@plurnk/plurnk-mimetypes
v0.3.1
Published
Framework + detection service for the @plurnk/plurnk-mimetypes-* handler family.
Maintainers
Readme
@plurnk/plurnk-mimetypes
Framework + detection service for the @plurnk/plurnk-mimetypes-* handler family. Sits between plurnk-service (the engine) and individual per-mimetype handler repos (the implementations).
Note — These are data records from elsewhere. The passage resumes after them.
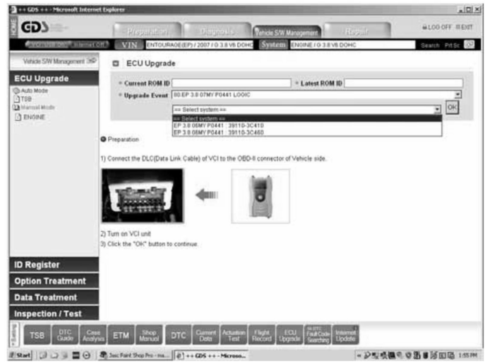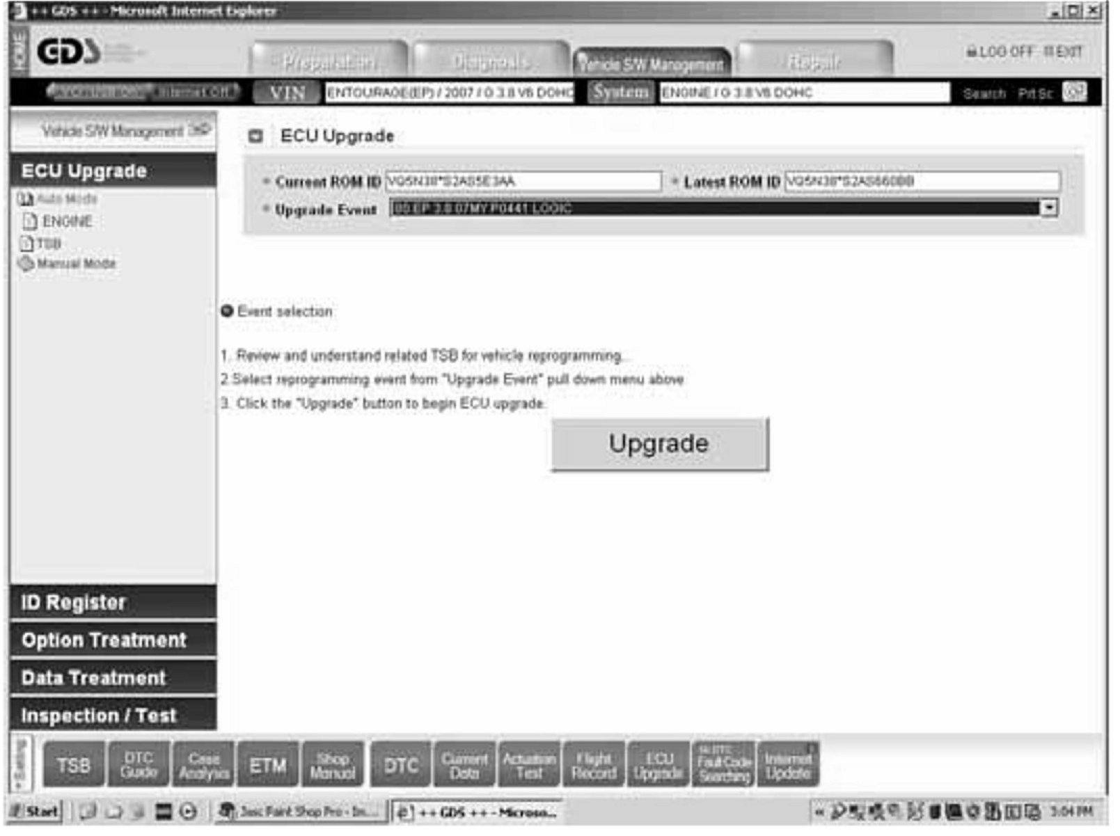10. Select Upgrade Event: 80 EP 3.8 07MY P0441 LOGIC and then press the UPGRADE button as shown in the screen shown.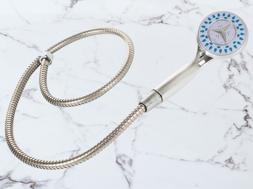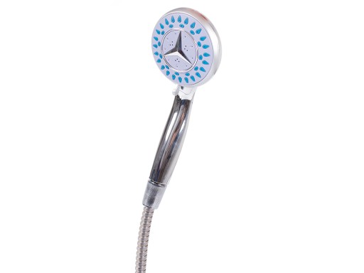 Trzyfunkcyjna słuchawka prysznicowa z gumowymi wypustkami oraz długim wężem, doskonale nadaje się do wanny czy kabiny prysznicowej.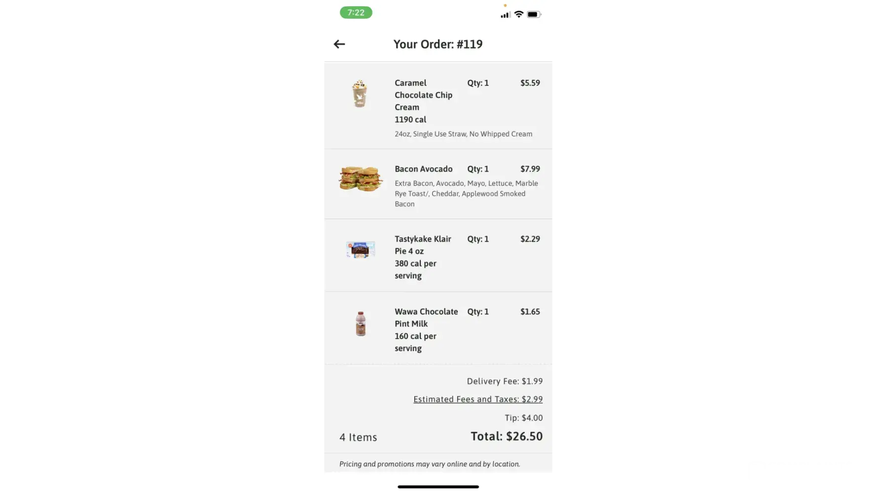 I have ordered food from there time and time again and there's always missing things they forgot my ham this time on my ham egg and cheese sandwich I like the food but this many bad experiences really turns me off on Wawa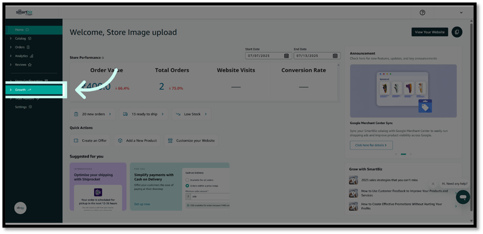 Begin your journey by selecting the "Growth" section to explore effective marketing strategies tailored for your business.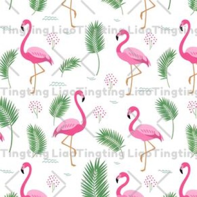Summer,Pink Flamingos,Green Tropical Leaves,Palm Trees
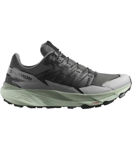 Der Salomon THUNDERCROSS Herren Trailschuh steht für dynamische Dämpfung und kompromisslosen Grip. Der Thundercross ist ein Trailrunningschuh für ein dynamisches, gedämpftes Laufgefühl mit hervorragendem Grip und präzisem Halt. Ausgestattet mit aggressiven 5 mm Stollen für jedes Gelände, egal wie schwierig, technisch oder schmutzig. In den französischen Alpen entwickelt und auf allen Untergründen getestet, von rollenden Hügeln über steinige Pisten bis hin zu Strecken mit gutem Grip. Laufleistung Eine elastische und bequeme Zwischensohle sorgt für einen kraftvollen Abstoß und eine weiche Landung und damit für ein angenehmes Laufgefühl. Grip Aggressive, tiefe 5 mm Stollen bieten hervorragenden Grip und Traktion auf allen technischen Untergründen und Oberflächen. Passform Inspiriert von den besten Trailrunning-Passformen, mit Sensifit™-Konstruktion für präzisen, optimalen Halt am Fuß und zuverlässigen, weichen Komfort. Weitere Details zum Salomon THUNDERCROSS Laufschuh für Herren: All Terrain Contagrip® - Unsere All Terrain Contagrip® Sohle ist für eine Vielzahl unterschiedlicher Untergründe ausgelegt. Sie bietet Haltbarkeit und Trittsicherheit auf nassen, trockenen und harten Oberflächen. Chevron-Stollen - Stollendesign, das sich tief in den Untergrund gräbt und multidirektionalen Grip bietet. Verbessert die Traktion auf weichem Untergrund wie Schlamm oder lockerem Geröll. Energy Foam - Leichter, reaktiver Schaumstoff aus EVA und Olefin (OBC) für dauerhafte Dämpfung und Energierückgabe. ME:sh®-Einsatz für Geröllschutz Quicklace™ Schnürsystem Recyceltes Material Gewicht: 290 g Sprengung: 4 mm ...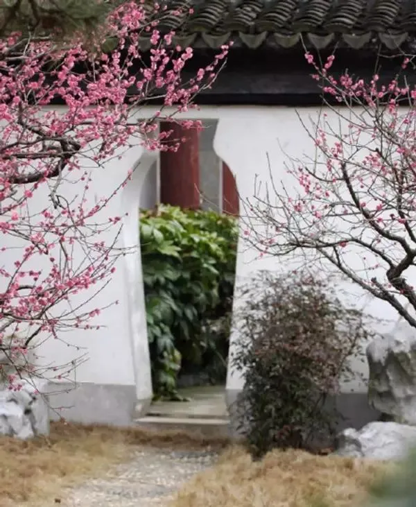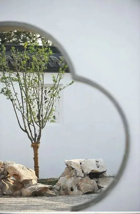 花草树木抱合而成的景框将庭院里的风景框于其中,透过若隐若现的花草树木,目之所及,皆是一种美。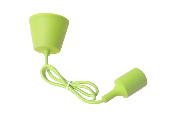 Hängeleuchte mit textilummanteltem Kabel in grüner Farbe. Kunststoffrosette, Textilkabel und Lampenfassung mit Silikongehäuse, alles passend in der gleichen Farbe.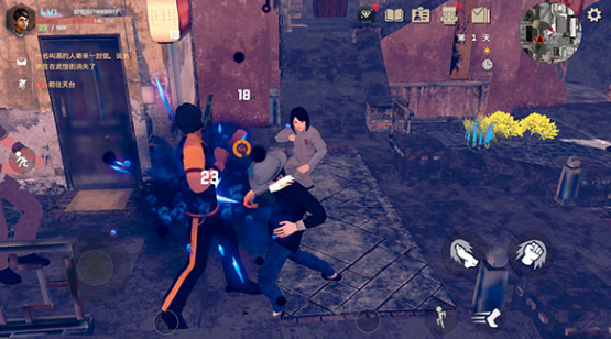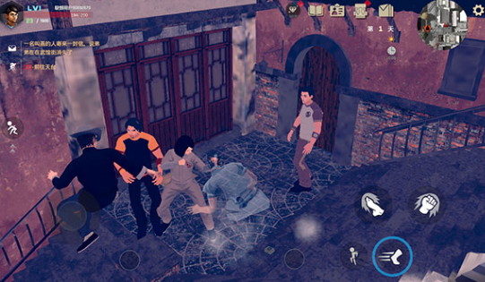 通过虚拟轮盘和按钮来【控制人物的打斗】,不同的攻击方式,动作模组也不一样。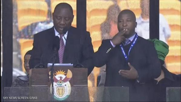 جنوب إفريقيا إن الرجل الذي قدم لغة الإشارة من على منصة حفل تأبين نيلسون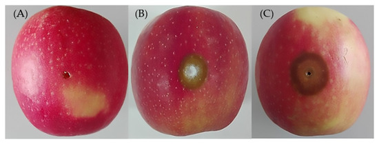 Postharvest diseases represent an important limitation to preserving high-quality commercial fruit for a prolonged storage period [7]. Fruit infection occurs in the field and is favored by long periods of rainfall and temperatures near 20 °C [3], but symptoms show up after 3 to 5 months of cold storage (0 °C), with individual or numerous lesions observed in a single fruit [8]. Disease symptoms are characterized by a circular, slightly sunken lesion with concentric rings that can vary in color from light brown to dark brown, originating from a lenticel in the fruit epidermis [9]. According to the literature, the incidence of bull’s-eye rot may vary from 10 to 60% in late-harvest cultivars such as ‘Cripps Pink’, where they are the most affected varieties, with disease incidences depending on the season and locality [4]. In organic production, incidences in these cultivars can be as high as 80–90%. Furthermore, economic losses can be further increased if the pathogen presents a quarantine condition for export markets [10], as is the case in China [11].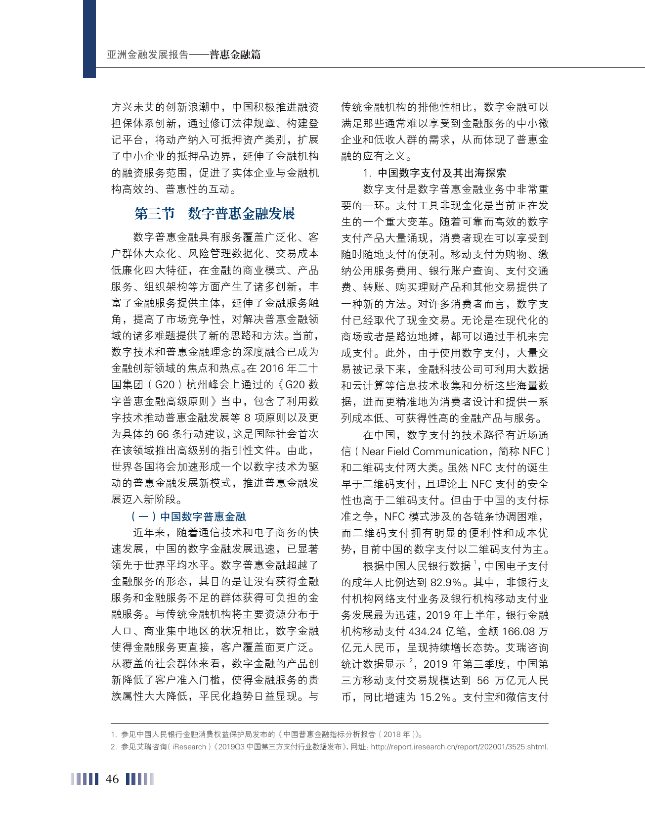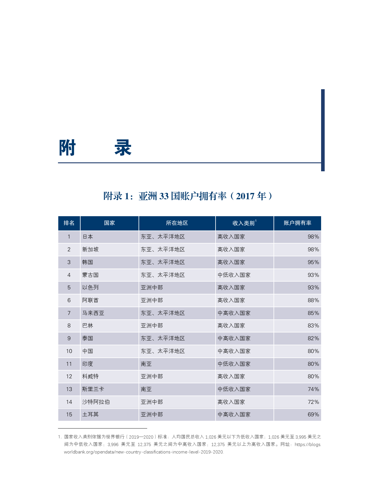 此外,报告还建议亚洲各国构建健康的数字普惠金融生态体系;鼓励监管部门主动利用“监管沙箱”寻求技术创新与风险管理的平衡之道;遵循《G20数字普惠金融高级原则》,关注数字安全、数字鸿沟、消费者保护等问题;加强亚洲地区普惠金融的交流与合作,利用好“一带一路”倡议等区域和全球化动议带来的各国协同发展机会,充分发挥国际机构促进跨国交流、经验共享的作用。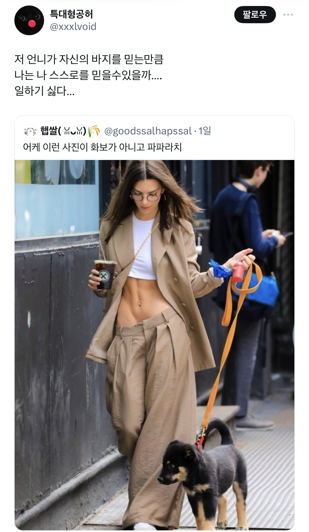 [흥미돋]저 언니가 자신의 바지를 믿는만큼 작성자X file|작성시간23.12.06|조회수19,427 목록 댓글 32 글자크기 작게가 글자크기 크게가 출처 : https://x.com/xxxlvoid/status/1732074427918012451?s=46&t=v7QMmEln8v7WsADFKYn65gX의 특대형공허님(@xxxlvoid)저 언니가 자신의 바지를 믿는만큼 나는 나 스스로를 믿을수있을까…. 일하기 싫다…twitter.com 다음검색 현재 게시글 추가 기능 열기 북마크 공유하기 신고 센터로 신고 댓글 댓글 32 댓글쓰기 답글쓰기 댓글 리스트 작성자유노유노 | 작성시간 23.12.06 복근ㅁㅊ 작성자갓생살날온다 | 작성시간 23.12.06 이번주 저렇게 수영복입은 아저씨봤는데..........좀만 올려입어줘ㅠㅠㅠㅠㅜㅜ 작성자바보멍충이말미잘떵깨 | 작성시간 23.12.06 개웃곀ㅋㅋㅋㅋㅋㅋㅋ저 사진을 보고 저런생각을 하다닠ㅋㅋ 작성자TBZ 주연 | 작성시간 23.12.06 바지 흐르고 있는 것 같은데 ;강아지 너무 귀엽다 🐶 작성자밤바다해 | 작성시간 23.12.06 테이프 붙였을까 댓글 전체보기

plurnk-service hands a path or content blob to Mimetypes.process(...) and gets back { mimetype, symbols, preview, ok }. The service stays mimetype-illiterate; this helper owns detection, discovery, handler instantiation, outline formatting, token-budgeted preview truncation, the duck contract spec, and the build utilities handler repos consume.
install
npm install @plurnk/plurnk-mimetypesRequires Node ≥ 25 (native TypeScript support, ESM only).
use — orchestrator (plurnk-service side)
import { Mimetypes } from "@plurnk/plurnk-mimetypes";
const mimetypes = new Mimetypes({
tokenize: (text) => myProviderTokenizer(text), // sync or async
defaultMimetype: "text/markdown", // fall back when nothing matches
});
const result = await mimetypes.process(
{ path: "src/main.py" },
{ budget: 256 },
);
// result.mimetype === "text/x-python"
// result.symbols === structural outline (string)
// result.preview === bounded outline within budget tokens
// result.ok === trueWithout a budget the preview is unbounded — equivalent to symbols. plurnk-service supplies the real budget (sourced from PLURNK_ENTRY_SIZE_DEFAULT_TOKENS).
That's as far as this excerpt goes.